§ **Exercise objective**
Please output exactly the lines below, starting at the line that has "Canva is a free" and ending at the line that has "The Velvet Natura", both included; leave out all pictures and include nothing else.

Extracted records
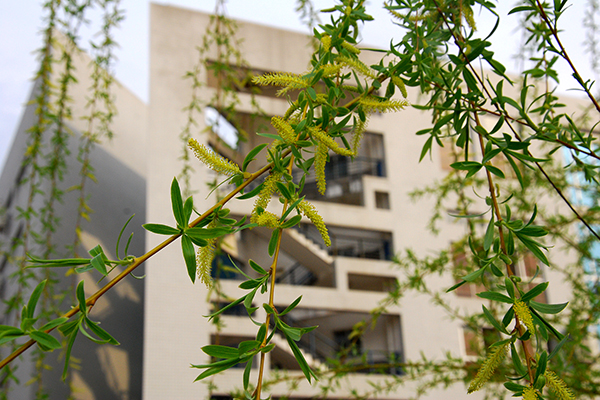 四月的校園,萬物復(fù)蘇,氣溫回暖,各種植物退下了冬日的臃腫,換上了充滿生機的春裝,校園里一派暖春的景象。柳樹初生的嫩芽隨風(fēng)搖曳,些許杏花展露微白的花蕊,桃花偷偷羞紅的笑臉,舞活了整個生機盎然的校園。同學(xué)們享受著鮮花和暖陽,在春光明媚的校園里讀書、學(xué)習(xí);趁著春意踏青、春游,用手機和相機留下美好的瞬間,在操場上鍛煉的人也漸漸增多。
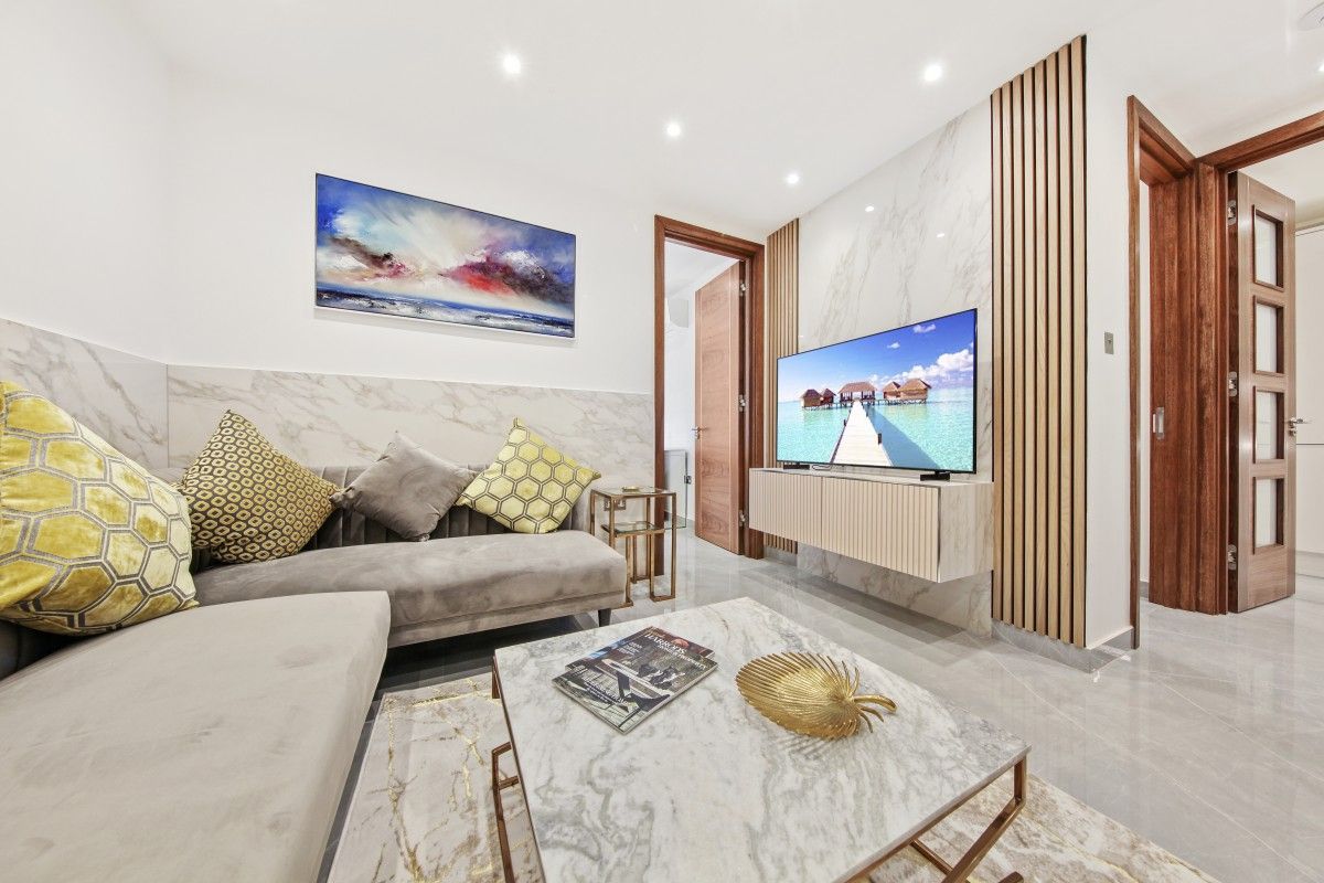 The apartment features a spacious lounge with contemporary furnishings and a sleek modern kitchen equipped with integrated appliances, all finished with high-quality porcelain tiled flooring that adds both style and practicality. Both bedrooms are generously sized and thoughtfully designed, offering ample storage and a calm, comfortable atmosphere. The modern bathroom is fitted with elegant fixtures, including a walk-in shower and WC, providing a touch of luxury.
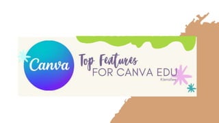 Canva is a free online graphic design platform that allows users to create professional-looking visuals easily. It provides educators over 420,000 templates to design classroom materials like presentations, worksheets and videos. Educators can also use Canva's brand kit feature to maintain a consistent visual style across their materials. Additional tools like presentation recording, collaborative workspaces and advanced design features allow educators to create engaging content for students.
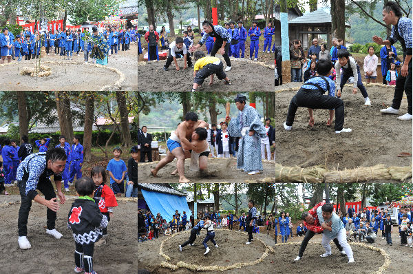 - 伊那上神社では早朝の神事の後、境内の土俵で奉納相撲がとられました。 地元、共盟社(宮内)・伏青会(伏倉)の代表社による取組の後、子どもたちが次々に土俵に上がり取組が行われました。
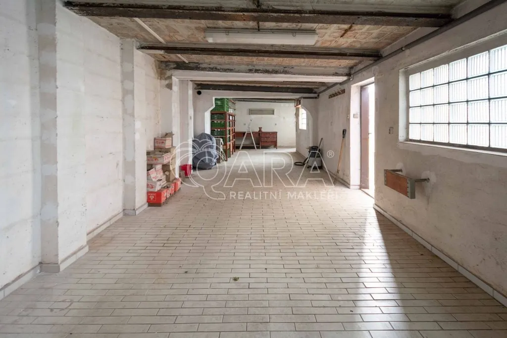 Dispozice přízemí: garáž s dílnou o velikosti 83 m2, sklípek, kuchyně, předsíň a tři pokoje o celkové velikosti 61 m2. Ze zahrady vstup do původní prádelny + další skladové prostory o velikosti 20 m2.
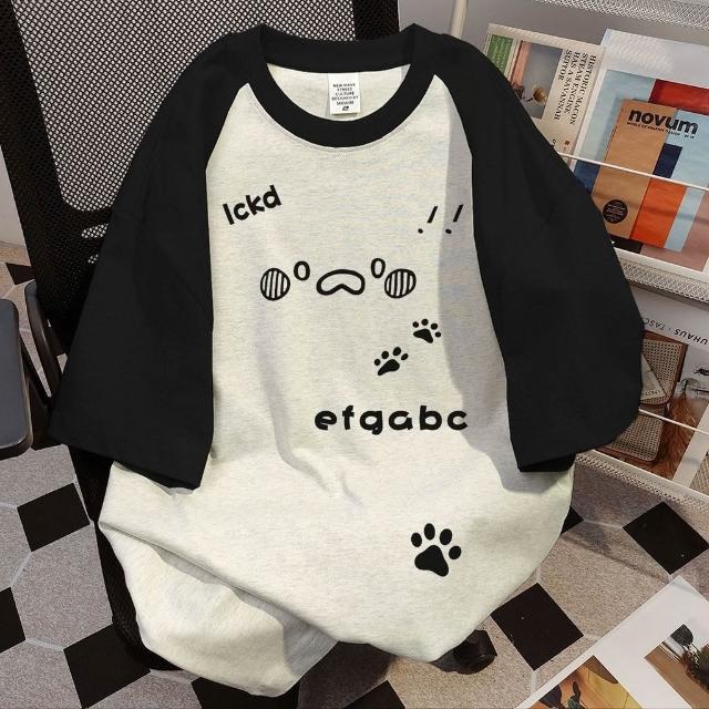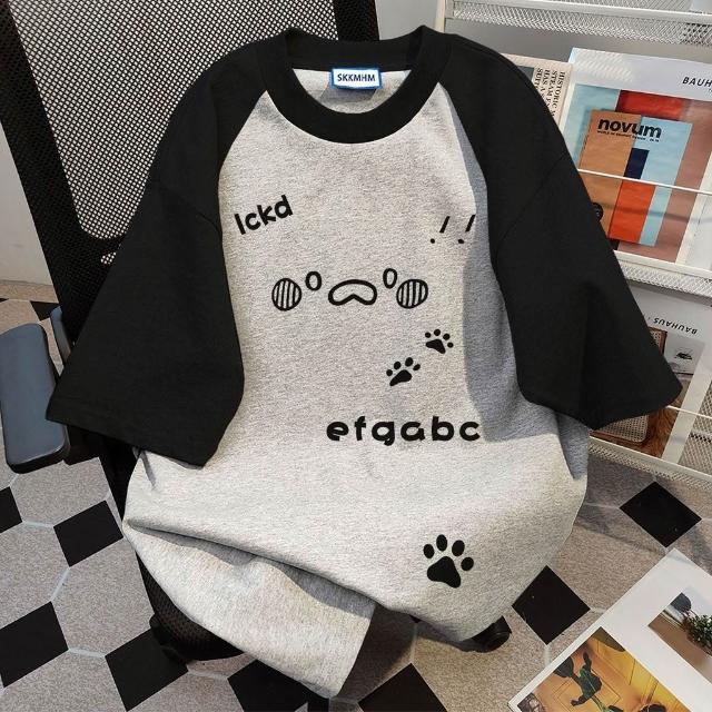 夏天純棉T 美式可愛字母印花短袖t恤 夏季寬鬆小衆設計感情侶上衣ins
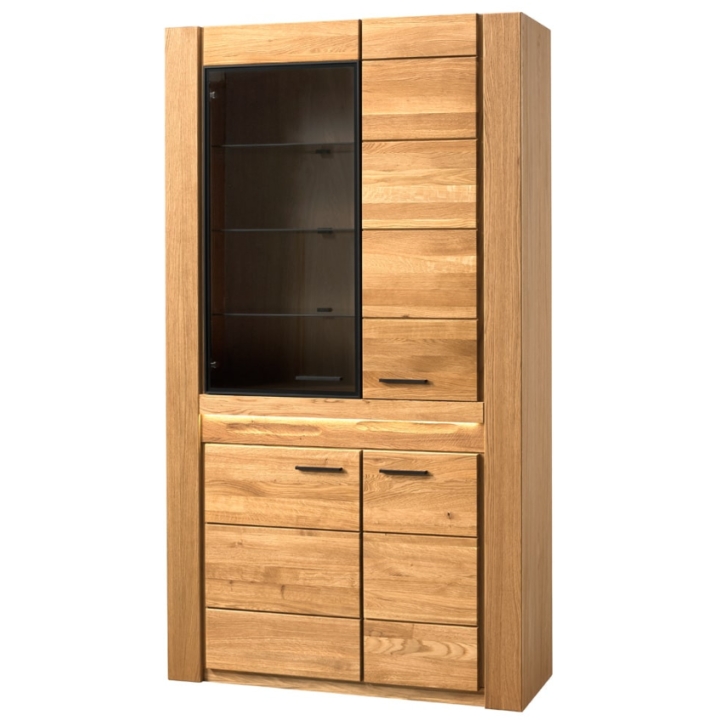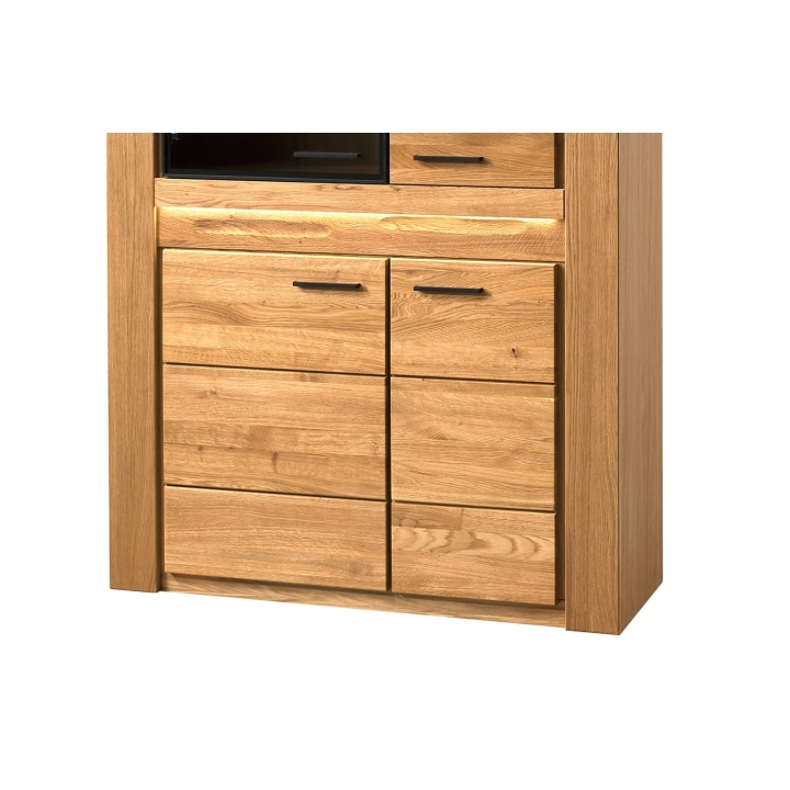 The Velvet Natura Type 12 display cabinet is distinguished by its noble oak natura décor and distinctive illuminated inset of rough solid wood, which emphasises its natural beauty and adds a unique character to the interior. Metal handles in black and optional LED lighting of the shelves ( 3xDOSL2D-CZ-BC-WN ) further enrich the aesthetics of the furniture, making it an excellent choice for those who appreciate impeccable presence and quality.
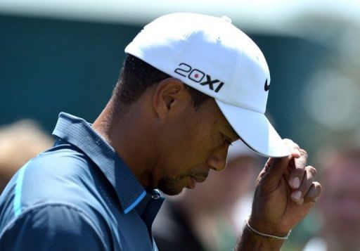Tiger Woods of the US plays during the third round of the 77th Masters golf tournament at Augusta National Golf Club on April 13, 2013 in Augusta, Georgia. Woods was hit with a two-stroke penalty in a dramatic start to the third day of the Masters at Augusta National on Saturday with some calling for his disqualification.
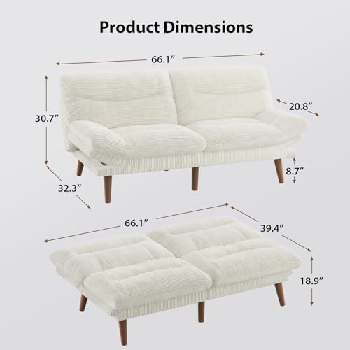 Easily switch from relaxation to rest with the futon sofa bed. Designed for modern living, this stylish futon couch features soft corduroy fabric and memory foam cushions to provide comfort and elegance, perfect for small spaces, guest rooms, or living rooms.
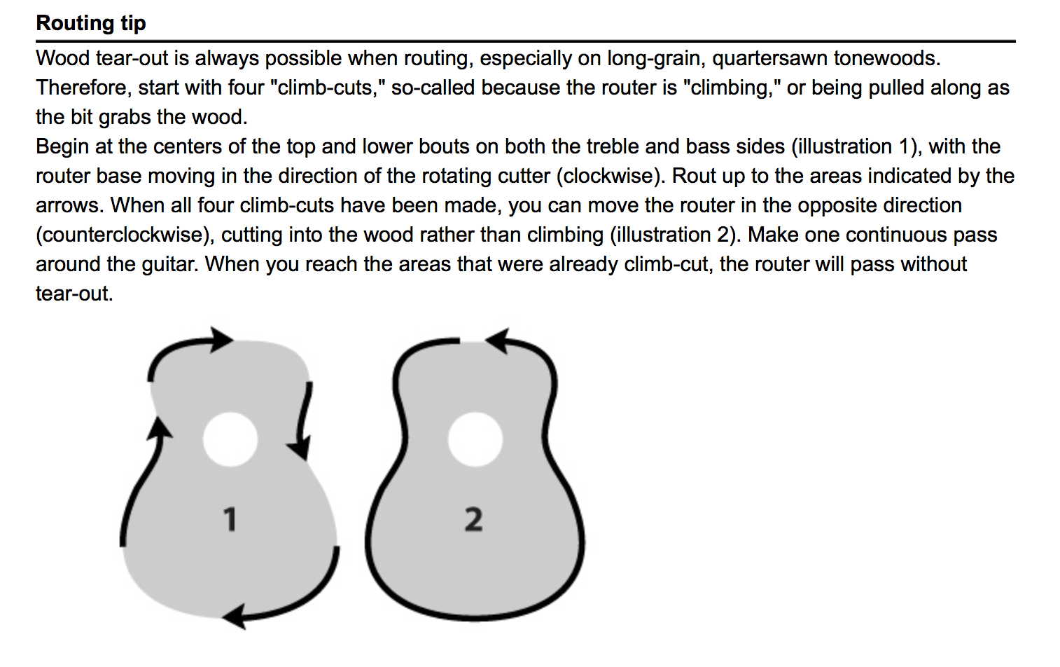 TO THE RIGHT: Here is a helpful tip from the Stew-Mac website, about the direction in which to do the routing.
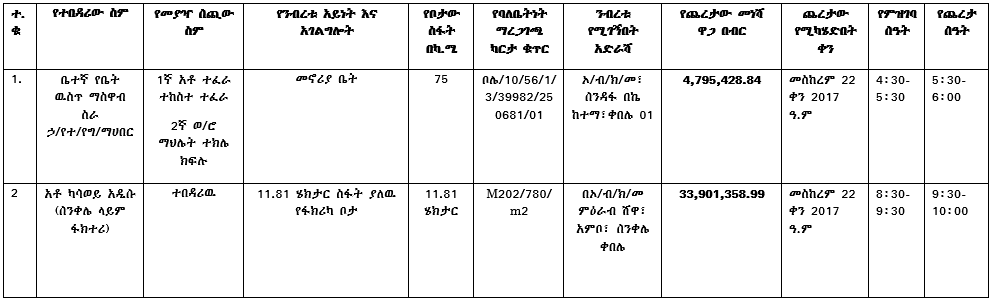 - ንብረቶቹን በሥራ ሰዓት ፕሮግራም አስይዞ መጎብኘት ወይም ማየት ይቻላል።
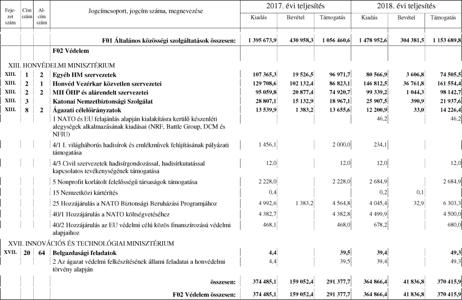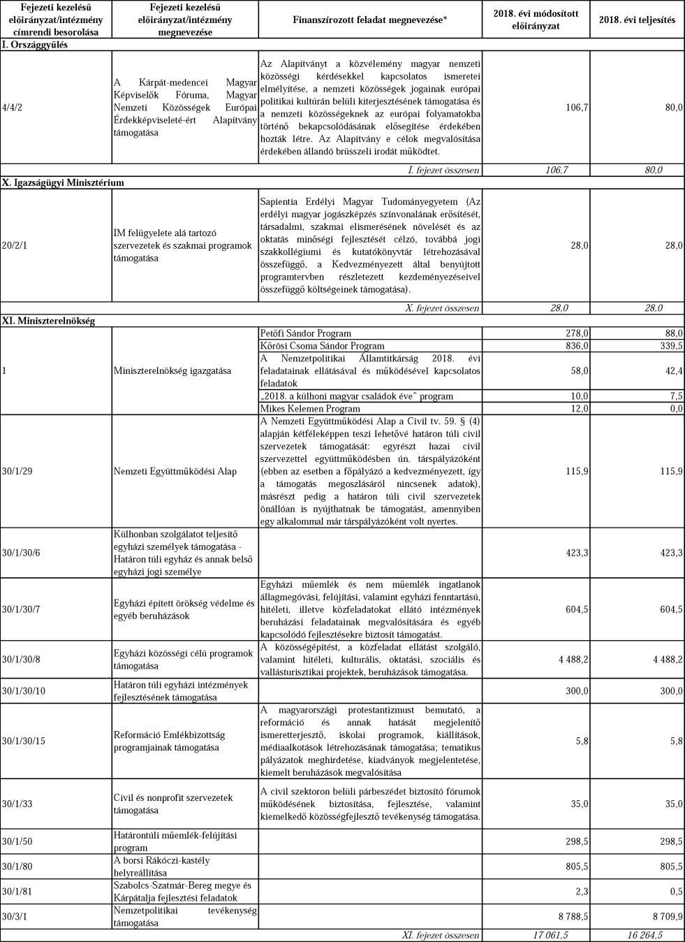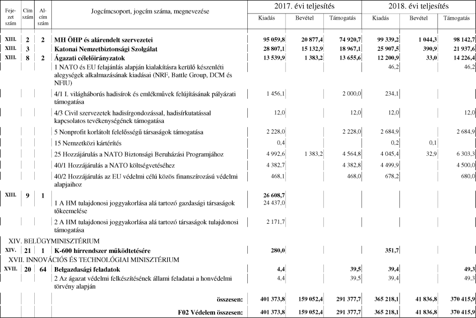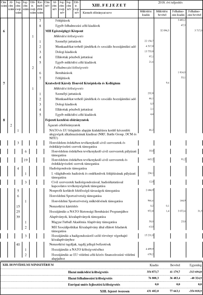 Kimutatás az Országvédelmi Alap előirányzat 2018. évi felhasználásáról fejezetenként
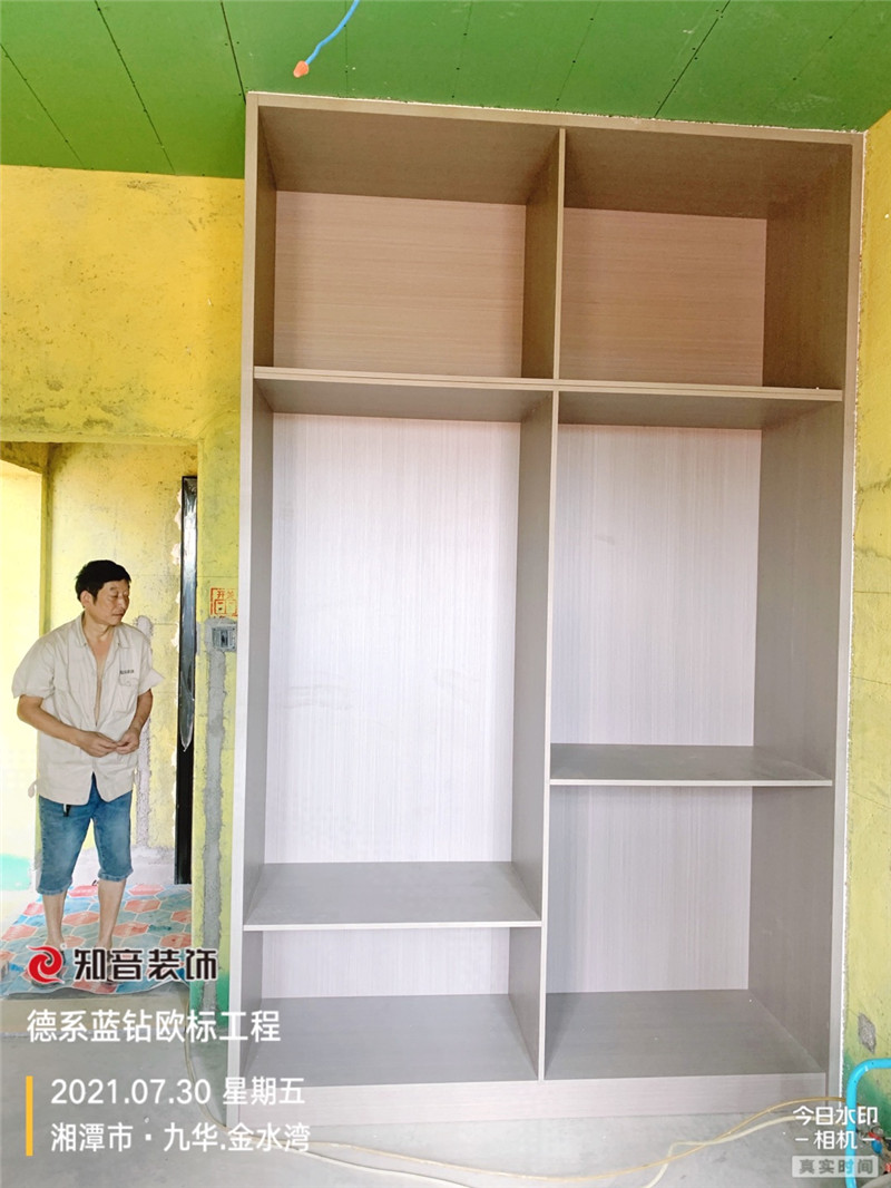 2、柜內(nèi)鋪貼飾面板時(shí),先進(jìn)行清潔、打磨后以白乳膠粘貼,再用少許蚊釘固定。接縫應(yīng)均勻、整齊,柜類所有木作的固定,連接必須使用白乳膠再釘釘子固定。

§ **Solution for this task**
 Canva is a free online graphic design platform that allows users to create professional-looking visuals easily. It provides educators over 420,000 templates to design classroom materials like presentations, worksheets and videos. Educators can also use Canva's brand kit feature to maintain a consistent visual style across their materials. Additional tools like presentation recording, collaborative workspaces and advanced design features allow educators to create engaging content for students.
 - 伊那上神社では早朝の神事の後、境内の土俵で奉納相撲がとられました。 地元、共盟社(宮内)・伏青会(伏倉)の代表社による取組の後、子どもたちが次々に土俵に上がり取組が行われました。
 Dispozice přízemí: garáž s dílnou o velikosti 83 m2, sklípek, kuchyně, předsíň a tři pokoje o celkové velikosti 61 m2. Ze zahrady vstup do původní prádelny + další skladové prostory o velikosti 20 m2.
 夏天純棉T 美式可愛字母印花短袖t恤 夏季寬鬆小衆設計感情侶上衣ins
 The Velvet Natura Type 12 display cabinet is distinguished by its noble oak natura décor and distinctive illuminated inset of rough solid wood, which emphasises its natural beauty and adds a unique character to the interior. Metal handles in black and optional LED lighting of the shelves ( 3xDOSL2D-CZ-BC-WN ) further enrich the aesthetics of the furniture, making it an excellent choice for those who appreciate impeccable presence and quality.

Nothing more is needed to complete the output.